▶ **Given entries**:
┌────────

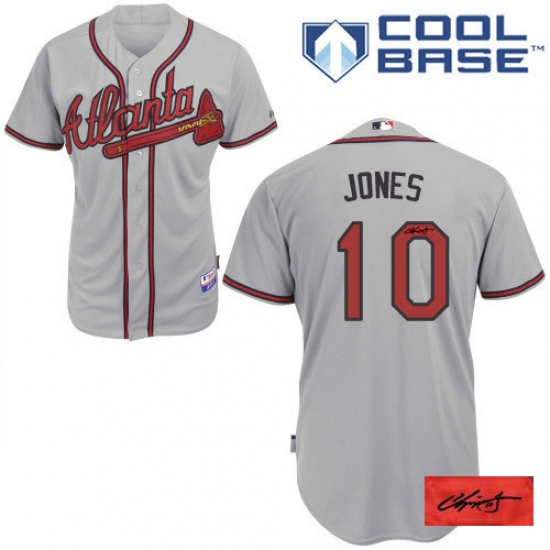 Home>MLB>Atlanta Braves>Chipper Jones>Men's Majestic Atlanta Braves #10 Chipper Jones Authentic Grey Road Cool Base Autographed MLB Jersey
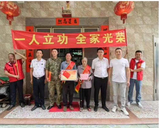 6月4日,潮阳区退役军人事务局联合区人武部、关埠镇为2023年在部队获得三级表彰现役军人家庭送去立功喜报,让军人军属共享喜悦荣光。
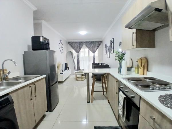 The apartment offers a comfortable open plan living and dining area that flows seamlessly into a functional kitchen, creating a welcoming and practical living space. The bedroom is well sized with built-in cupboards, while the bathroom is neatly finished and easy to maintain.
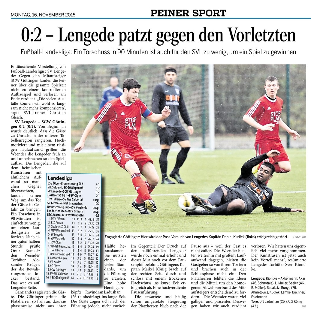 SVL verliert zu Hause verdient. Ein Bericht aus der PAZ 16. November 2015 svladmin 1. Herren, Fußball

└────────
┌────────

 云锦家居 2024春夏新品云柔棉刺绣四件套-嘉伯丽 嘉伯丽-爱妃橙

└────────

▶ **Task to complete**: From the data above, return only the lines starting at the line that holds "Home>MLB>Atlanta Braves>Chipper Jones>Men's" and ending at the line that holds "SVL verliert zu", word for word and without pictures.

▶ **Problem solution**:
 Home>MLB>Atlanta Braves>Chipper Jones>Men's Majestic Atlanta Braves #10 Chipper Jones Authentic Grey Road Cool Base Autographed MLB Jersey
 6月4日,潮阳区退役军人事务局联合区人武部、关埠镇为2023年在部队获得三级表彰现役军人家庭送去立功喜报,让军人军属共享喜悦荣光。
 The apartment offers a comfortable open plan living and dining area that flows seamlessly into a functional kitchen, creating a welcoming and practical living space. The bedroom is well sized with built-in cupboards, while the bathroom is neatly finished and easy to maintain.
 SVL verliert zu Hause verdient. Ein Bericht aus der PAZ 16. November 2015 svladmin 1. Herren, Fußball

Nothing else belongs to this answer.